#### YOUR OBJECTIVE
For this exercise, copy exactly every line from the one holding "Singapore’s fuel oil" through the end of the data, both included. Omit pictures.

#### EXERCISE DATA
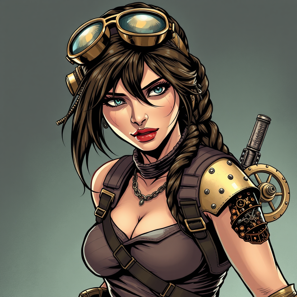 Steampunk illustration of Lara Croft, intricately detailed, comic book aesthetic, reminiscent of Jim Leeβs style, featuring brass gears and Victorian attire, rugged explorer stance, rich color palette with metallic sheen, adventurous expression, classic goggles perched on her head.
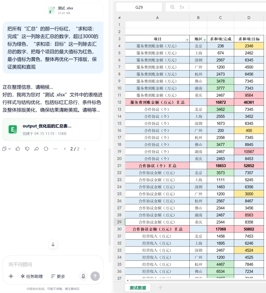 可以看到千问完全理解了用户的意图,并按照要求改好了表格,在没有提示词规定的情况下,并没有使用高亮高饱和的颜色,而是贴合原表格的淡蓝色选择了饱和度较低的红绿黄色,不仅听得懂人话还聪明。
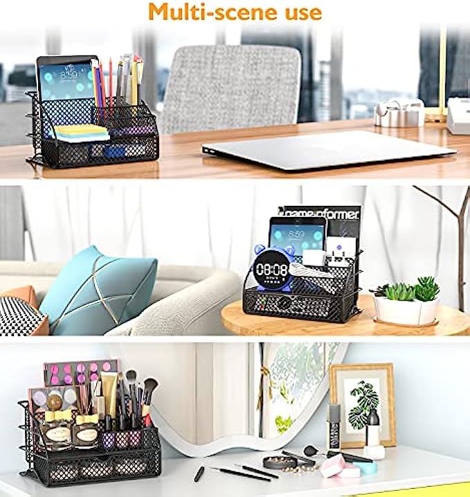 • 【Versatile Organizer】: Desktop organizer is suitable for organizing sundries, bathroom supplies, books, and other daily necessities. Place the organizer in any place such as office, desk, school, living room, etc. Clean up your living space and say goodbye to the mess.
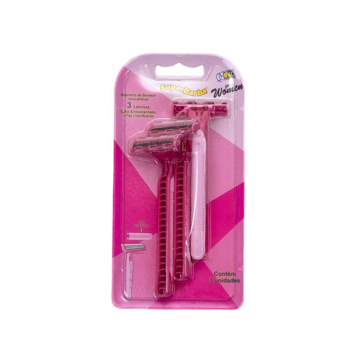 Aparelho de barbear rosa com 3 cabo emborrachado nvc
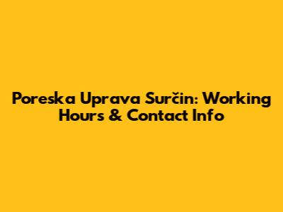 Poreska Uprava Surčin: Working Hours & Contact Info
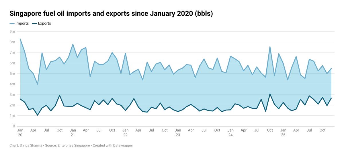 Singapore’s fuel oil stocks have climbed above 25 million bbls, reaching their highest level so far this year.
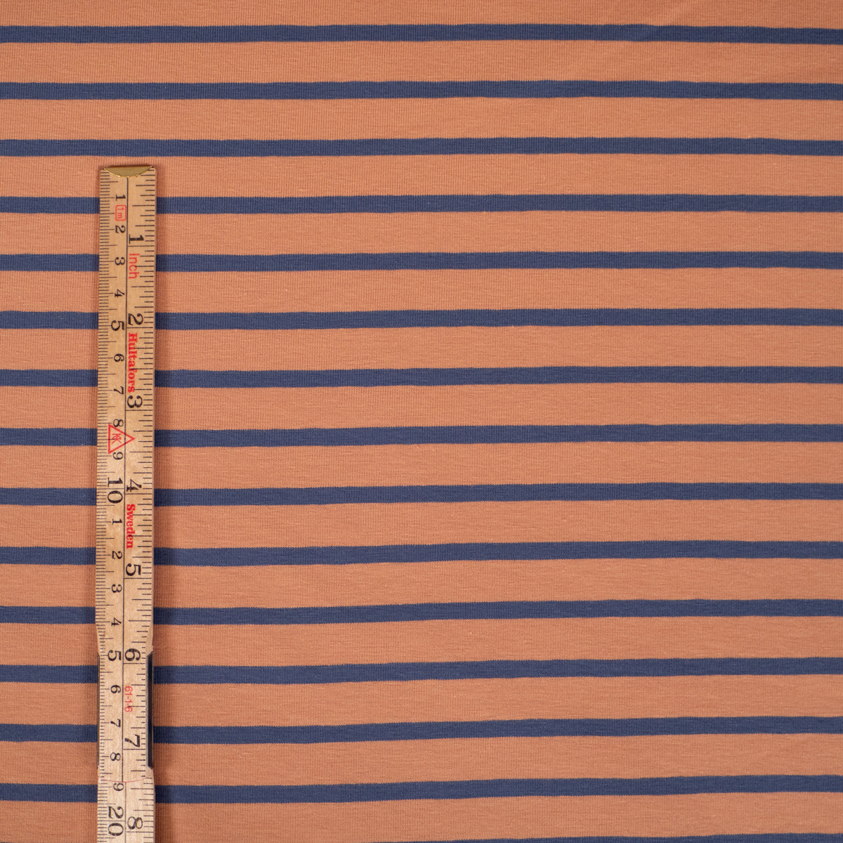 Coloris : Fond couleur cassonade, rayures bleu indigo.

#### TASK ANSWER
 Singapore’s fuel oil stocks have climbed above 25 million bbls, reaching their highest level so far this year.
 Coloris : Fond couleur cassonade, rayures bleu indigo.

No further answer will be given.